Yıl 2017, aylardan ekim idi sanıyorum. Eskişehir’den otobüse bindim, yolculuk 30 martta taşındığım Kayseri’ye. Küçükken otobüs yolculukları bana çekilmez gelirdi,

hele hele yol virajlı ise… Otobüs tutardı beni, kusardım! Yaşımı aldıkça bağışıklık sistemim mi güçlendi, yollar mı düzeldi nedir? Keyif almaya başladım…

Rahat hat, tekli koltuk 16 numarada ben. Enteresandır, birbirine yakın zamanlarda, ardı ardına 4 kere aynı koltukta gittim yada geldim. Arkamdaki koltukta kendi halinde görünen 70’li yaşlarda bir teyze. Öndeki koltukta 30’larında bir erkek.
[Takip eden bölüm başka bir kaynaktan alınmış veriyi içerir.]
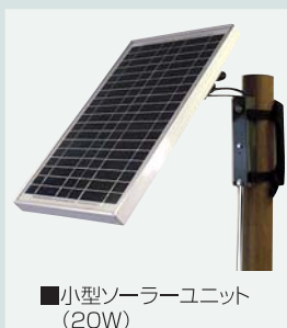
■小型ソーラーユニット (20W)
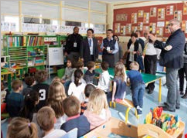
Visite d'une délégation taïwanaise à l'école Morel de Vindé
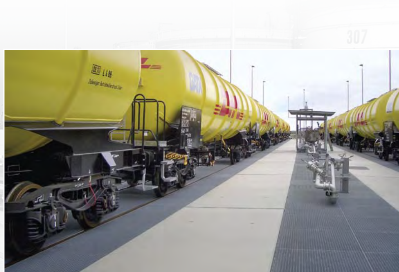
Verladeanlage für Schienenfahrzeuge
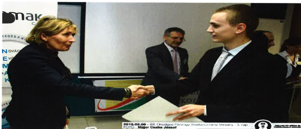
2016.02.08 - XII. Országos Pénzügyi Esettanulmányi Verseny - 3. nap

MAGYAR PÉNZÜGYI ÉS PÉNZÜGYES SZAKMUNKÁSOK PÁLYÁZAT-ÉRTÉKELÉSI BIZOTTSÁGA
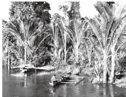
サゴヤシ、パプア・マンブラモ川流域。

うな道具でおが屑のように幹を掻き砕く。それを水に混ぜ袋の中でしごしご漉す。漉し出した濃い澱粉を含む水を葛湯のようにして、スープをかけて食べる。パプアではこれをパベタという。噛み出のない主食だが、やみつきになる。辛く、時には酸味の魚出汁スープとともにこれを食べることもたまたまない。家庭の主食だからレストランではあまり食べられない。もつとおもしろいヤシはピンロウ(檳榔)である。その実ピンロウ(檳榔、betel nut)をキンマという蔓植物の葉ないし房、そして石灰と噛み合わせる口が真っ赤になり気分が何ともハイになる。飲み込んではいけない。ほとんど麻薬のようだ。この話をもっと書きたいが紙数が尽きたのでオシマイです。
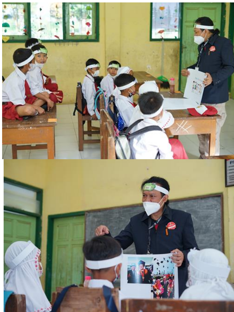
Gambar 17. Memperkenalkan profesi dosen dan desainer kepada siswa siswi SD serta menanyakan apa cita cita mereka merupakan tantangan tersendiri.
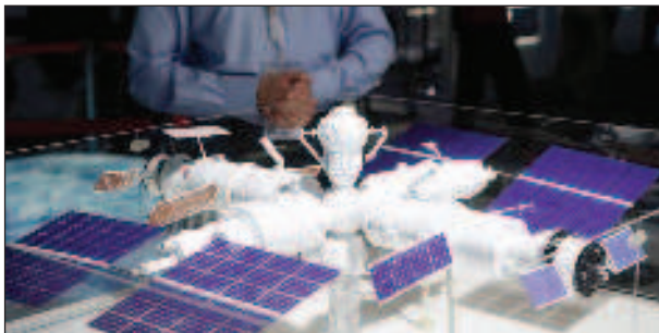
Ракетно-космическата корпорация "Енергия"

Напълно изработената по програмата за заместване на вноса версия на самолет МС-21 ще е готова в края на 2024 г., заяви вицепремиерът, министър на промишлеността и търговията Денис Мантуров . "До края на следващата година трябва да получим Sukhoi Superjet направи изцяло от руски материали, двигател и части без каквото и да било внос, а в края на 2024 г. същото трябва да се случи и със самолета МС-21", каза Мантуров за телевизионен канал "Россия 24". Сертифицирането на двата самолета трябва за приключи в края на 2023 г. Порано ръководителят на "Ростех" Сергей Чемезов заяви, че първите шест самолета МС-21 с руски двигател ПД-14 ще бъдат доставени на авиокомпаниите през 2024 г. От холдинга "Роселектроника", който влиза в "Ростех", съобщиха, че са приключили разработките на електронните компоненти за връзка на самолетите Sukhoi Superjet-100 и МС-21. Това позволява напълно да бъдат заменени американските изделия в състава на бордовата апаратура за радиовръзка.
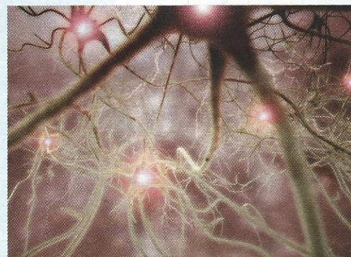
Neurones « La plasticité cérébrale se fige au sens très littéral à certains moments. »

structure d'accueil ne soit pas une simple garderie. Nous devons être très vigilants sur ce point. Ce qui compte n'est pas tant le caractère obligatoire de la scolarité que l'épanouissement des enfants. Je crois beaucoup, par exemple, aux activités proto-mathématiques, qui consistent à leur apprendre à mesurer, à trier, à construire, à créer des formes en deux ou en trois dimensions.
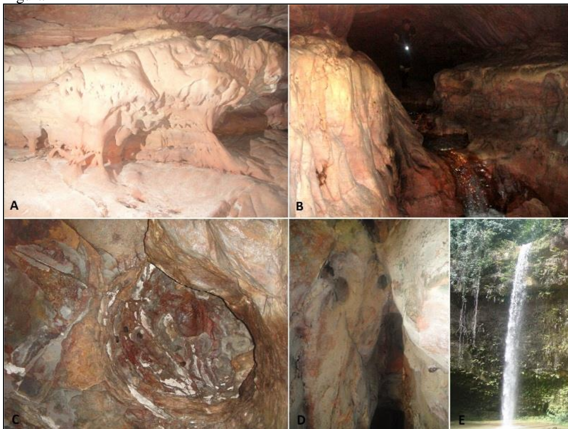
A: formação do pipping; B: córrego endocárstico; C: cúpula no teto por gotejamento; D: abertura de fratura por pipping; E: paredão de arenito.
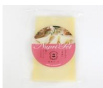
《写真》 登別チーズ ヌプリベツ
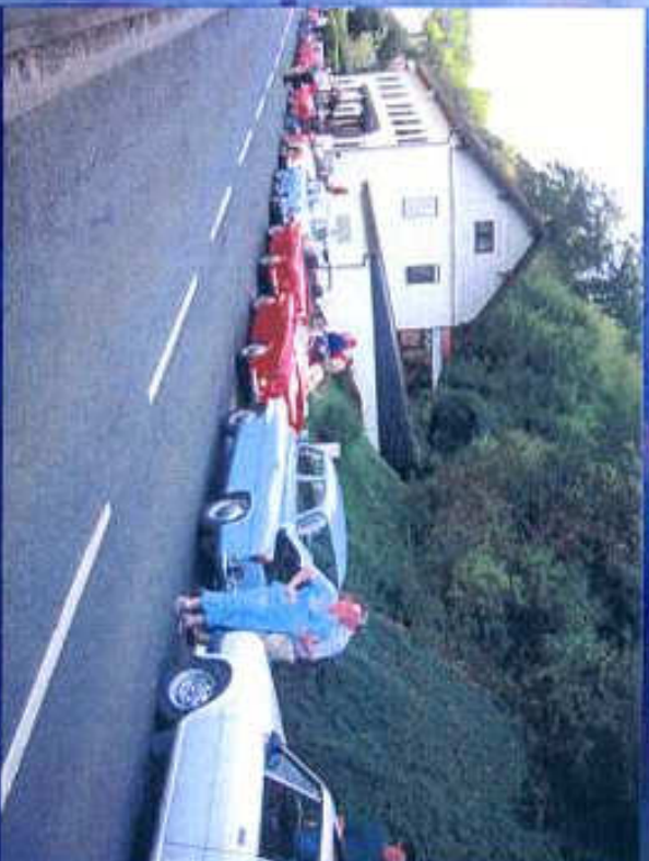
Nach dem Tanken auf dem Weg zum Hessenpark

Sağ taraftaki çiftli koltuklarda cam kenarında 18-20’li yaşlarda bir kız ve yanında 50’lerinde gibi babası… Aracın son durağı Bitlis. Araç; Eskişehir terminalden hareket etti. Uykum yok, karnım biraz aç. Moralim düzgün…Bir okul seminerimden çıkmışım!

Otobüs; 10 dakika gitti sanki, arkamdan cam boşluğundan, kolumu koyduğum yerde bir dokunma oldu. Kafamı sola çevirdim, o da ne? Bordo renkli çorap giymiş bir ayak!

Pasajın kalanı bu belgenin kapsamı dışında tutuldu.